Because of its extended duration (30–60 minutes) relative to agents such as vecuronium or rocuronium at standard doses, pancuronium is generally selected when sustained blockade is preferred over rapid reversibility. Clinicians should weigh this against the drug’s vagolytic properties, which may cause tachycardia.
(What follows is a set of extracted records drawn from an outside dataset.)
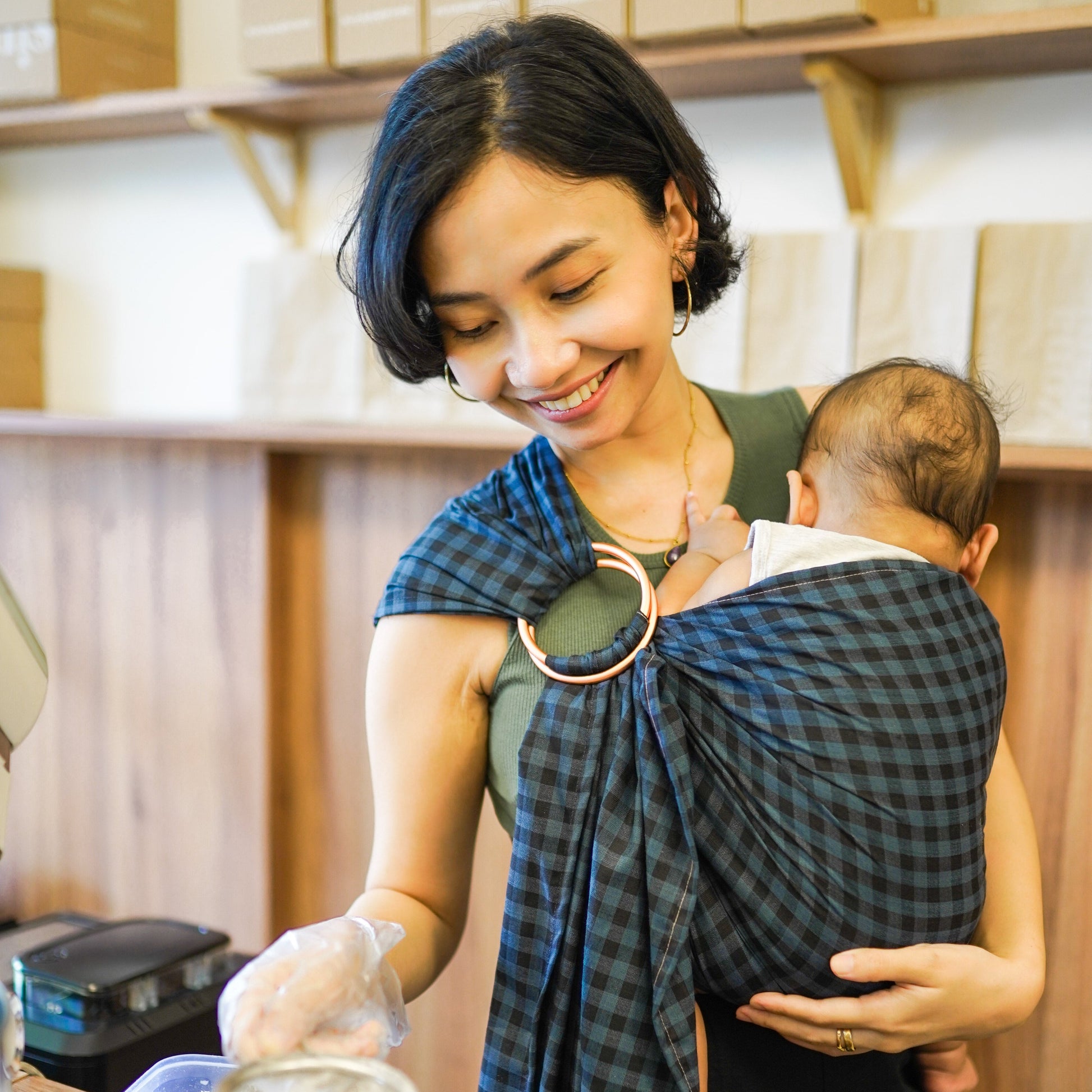 Ring Sling Cotton - Navy Gingham - Gendongan Bayi
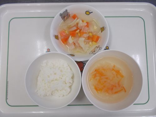 10月27日(月)から11月1日(土)までの給食献立写真・離乳食提供量と写真の一例です。
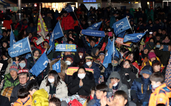 사드(고고도미사일방어체계) 배치 작업이 진행되고 있는 가운데 8일 오후 경북 김천역 광장에서 ‘사드 배치 결사반대 김천시민 촛불집회’가 열렸다.
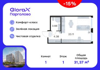Продается квартира-студия на 1-м этаже в проекте комфорт-класса GloraX Парголово. Общая площадь лота составляет 31,37 кв. м, из которых 23,11 кв. м отведено под жилую и кв. м под кухонную зону. Номер квартиры - 151.
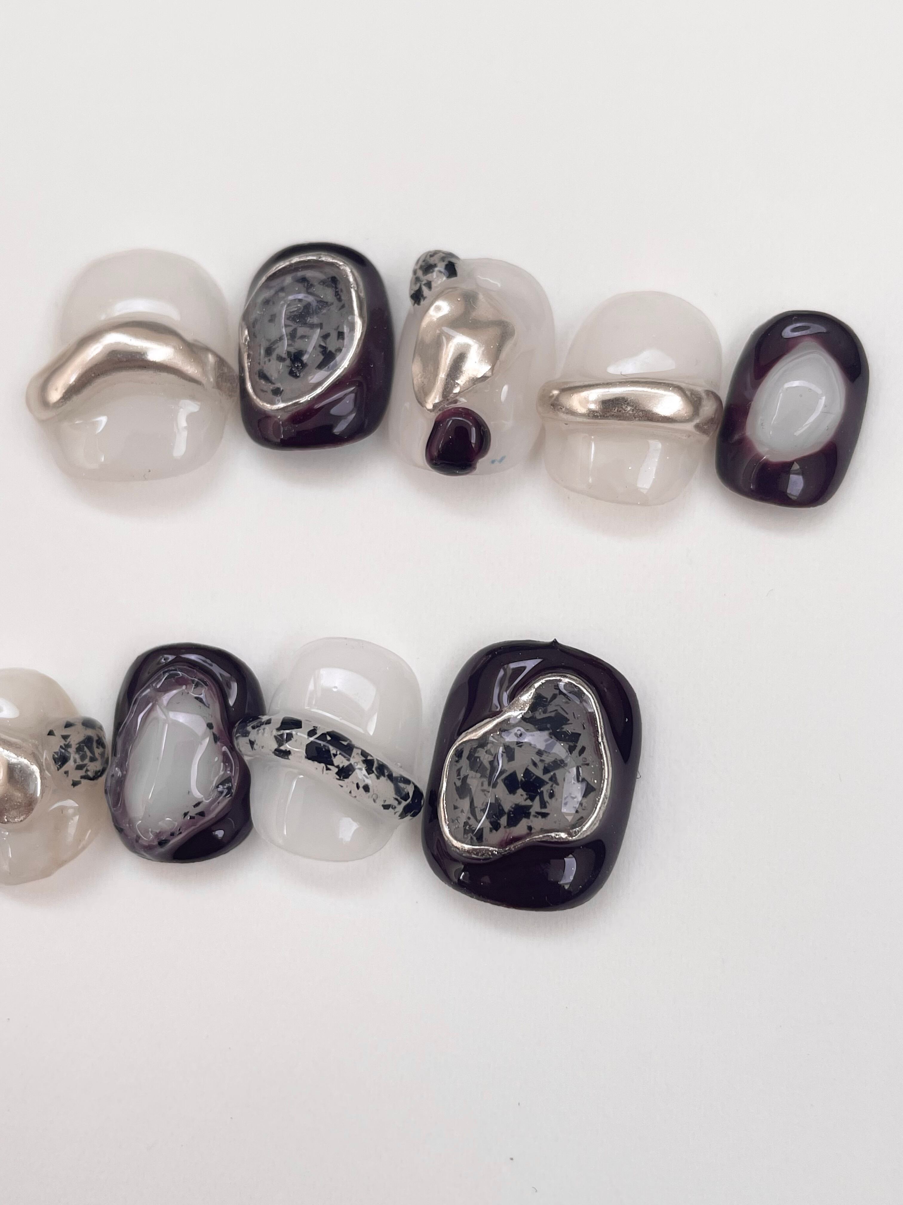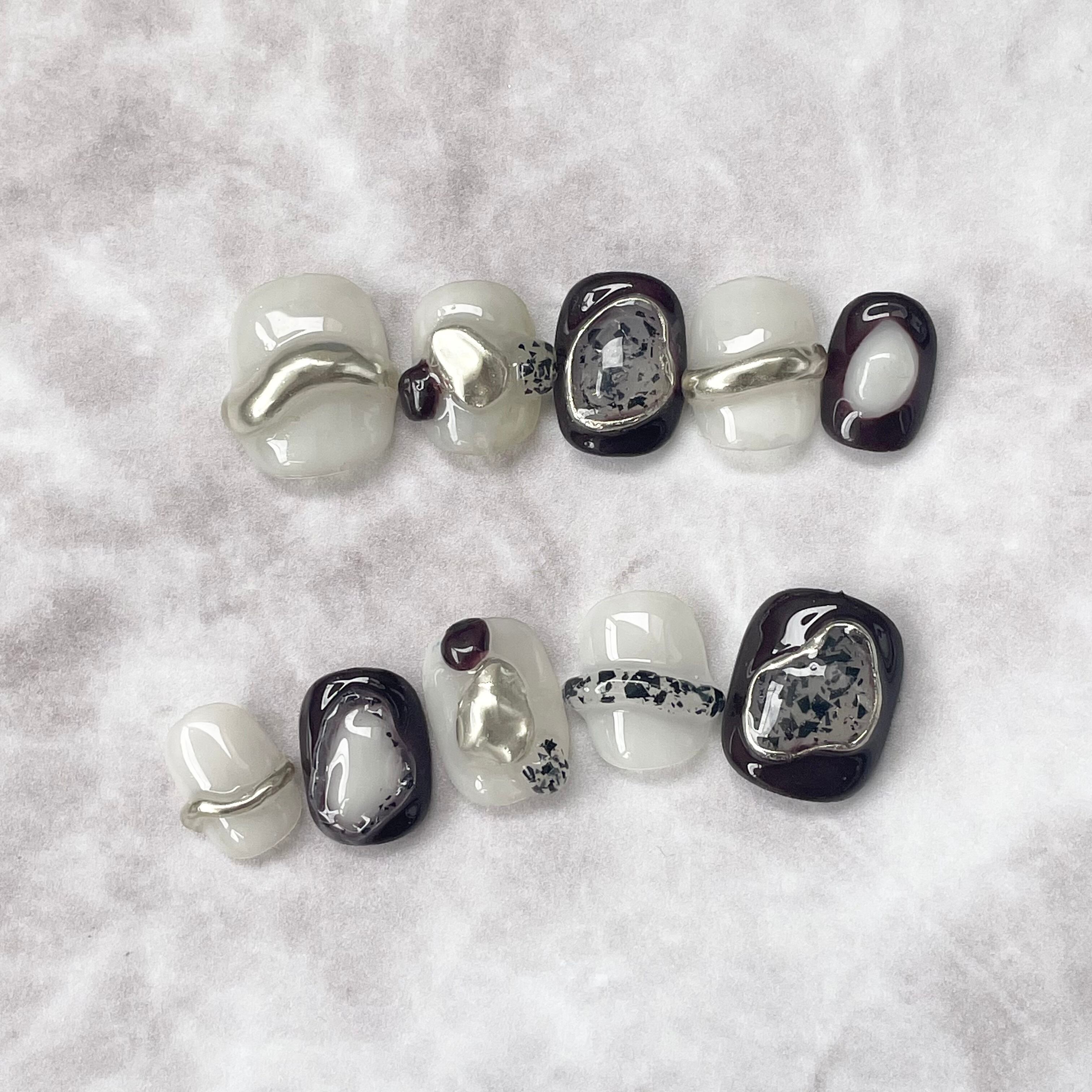 ・ネイルチップは1つ1つハンドメイドの為、色彩やニュアンスが個々で異なります。サイズや長さによってバランスを見ていい仕上がりになるように替えられるのもハンドメイドの魅力ではありますのでお楽しみいただけたらと思います。お写真との多少のちがいはご了承くださいませ。

Administration and Monitoring
Pancuronium is administered exclusively by the intravenous (IV) route. Ensure adequate sedation and analgesia are established prior to administration, as paralysis without analgesia or sedation is inappropriate. Monitor for cardiovascular effects, particularly tachycardia and hypertension, which result from the drug’s vagolytic and sympathomimetic properties.
- Route: IV only
- Administer as a slow IV bolus
- Monitor neuromuscular function using train-of-four stimulation when appropriate in the PICU setting
- Avoid in renal failure — active metabolites accumulate and may cause unpredictably prolonged blockade
- Have reversal agents (neostigmine with atropine or glycopyrrolate) and airway rescue equipment immediately available
- Consult institutional protocol for dosing in neonates and patients with hepatic impairment
Disclaimer: This article is an educational reference summarizing standard pediatric dosing values. It is not a substitute for clinical judgment. Always verify doses against institutional protocols, the current edition of authoritative references (e.g., Lexicomp, Harriet Lane Handbook, PALS guidelines), the patient’s accurate weight, and any patient-specific factors (renal/hepatic function, allergies, comedications) before administration.